IBBI Introduces Four New Online Forms To Streamline Liquidation Reporting
Pranav B Prem
The Insolvency and Bankruptcy Board of India (IBBI) has introduced a simplified and technology-driven framework for reporting liquidation-related information by insolvency professionals. Through a circular issued on January 5, 2026, the Board has notified four revised online forms to track a corporate debtor’s liquidation process from commencement to closure. The revised framework will apply with effect from January 1, 2026, and replaces the existing liquidation reporting system. The circular follows amendments notified on January 2, 2026 to the IBBI (Liquidation Process) Regulations, 2016, which mandate insolvency professionals to file liquidation forms, along with relevant records and enclosures, exclusively through the Board’s electronic platform and within the timelines prescribed for each form. All filings are required to be digitally signed or e-signed.
IBBI stated that the revised forms have been designed to reduce compliance burden by eliminating duplication of information, rationalising data requirements, and leveraging auto-population of data already available on the portal. Instead of repeating the same information at every stage of liquidation, insolvency professionals will now be required to report only stage-specific and relevant details as the process progresses.
The first form under the new framework, Form LIQ-1, is required to be filed at the commencement of liquidation. It captures basic details of the corporate debtor and confirms that the public announcement under the Liquidation Regulations has been made. This form must be filed on or before the 10th day of the month following the month in which the public announcement is issued.

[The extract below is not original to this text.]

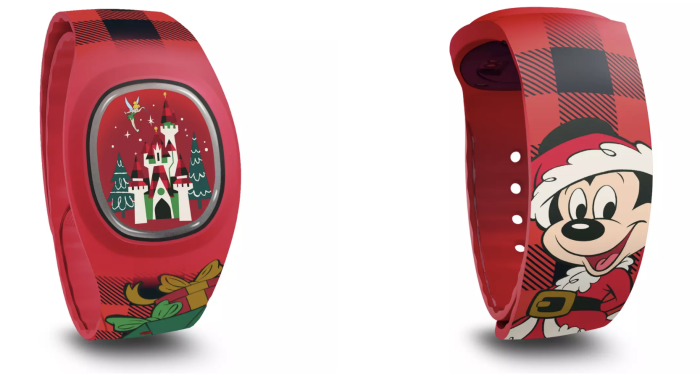 The Santa Mickey Mouse Holiday MagicBand+ is a limited release, so it definitely won’t be around forever! The band itself has a classic holiday red and black plaid pattern, and you’ll find Mickey in his Santa outfit on one side, with some festive presents on the other. The tap point of the band features Tinker Bell flying above Fantasyland Castle (that’s not Sleeping Beauty Castle OR Cinderella Castle, so it’s not specific to one resort). Every time you look down at your wrist, you’ll remember that it’s the holiday season!
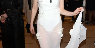 28-летняя кинозвезда, выходя из отеля Marriott в Каннах, продемонстрировала невероятную фигуру в длинном белом платье из недавней свадебной коллекции Симона Порте Жакмюса "Le Mariage". Платье представляло собой белое боди-бандо без бретелек, покрытое прозрачным шифоном, украшенное цветочными аппликациями и эффектным шлейфом. Свой образ Тейлор-Джой дополнила парой белых босоножек на шнуровке с ремешками и большой соломенной шляпой от солнца, повязанной на шее черной лентой.

The second form, Form LIQ-2, is a periodic filing intended to apprise the adjudicating authority and the Board of the quarterly progress of the liquidation process. It includes information relating to valuation, realisation of assets, progress of sales, receipts and payments, status of avoidance applications, and meetings of the Stakeholders’ Consultation Committee. This form must be filed on or before the 10th day of the month following submission of the progress report to the adjudicating authority. While the revised framework applies from January 1, 2026, Form LIQ-2 will be made available on the IBBI portal from February 1, 2026.
Form LIQ-3 is required to be filed when the liquidator applies for dissolution of the corporate debtor or closure of the liquidation process. This form covers the period from the last progress report up to the filing of the dissolution or closure application and includes details of realisation, distribution of proceeds, unclaimed amounts, and receipts and payments. It must be filed by the 10th day of the month following submission of the application to the adjudicating authority.
The final form, Form LIQ-4, is to be filed after the adjudicating authority passes an order for dissolution or closure of the liquidation process. This form captures post-order details such as final distributions and receipts and payments, and must be filed within seven days of the dissolution or closure order.
IBBI clarified that all revised forms, except LIQ-2, are available on the Board’s website from January 1, 2026, and that the existing liquidation forms stand discontinued from that date. All filings must be made only through the revised forms by the insolvency professional who is in office as liquidator as on the last date of the month preceding the due date.
To facilitate a smooth transition, the Board has provided that no penalty will be levied for delayed filing of liquidation forms during the initial quarter from January to March 2026. The regulator has also introduced a form-modification utility on its electronic platform, enabling insolvency professionals to correct errors or omissions in submitted forms through an OTP-based authentication process. No fee will be charged if a form is filed and modified before the due date.
At the same time, IBBI has clarified that insolvency professionals will continue to be responsible for compliance under the Code and the regulations. Failure to file forms, or filing inaccurate or incomplete information, will attract liability under the Insolvency and Bankruptcy Code, 2016. The Board stated that the revised framework is expected to significantly reduce time and effort required for compliance while ensuring that essential liquidation-related information continues to be reported in a timely and structured manner, thereby improving regulatory oversight of liquidation proceedings.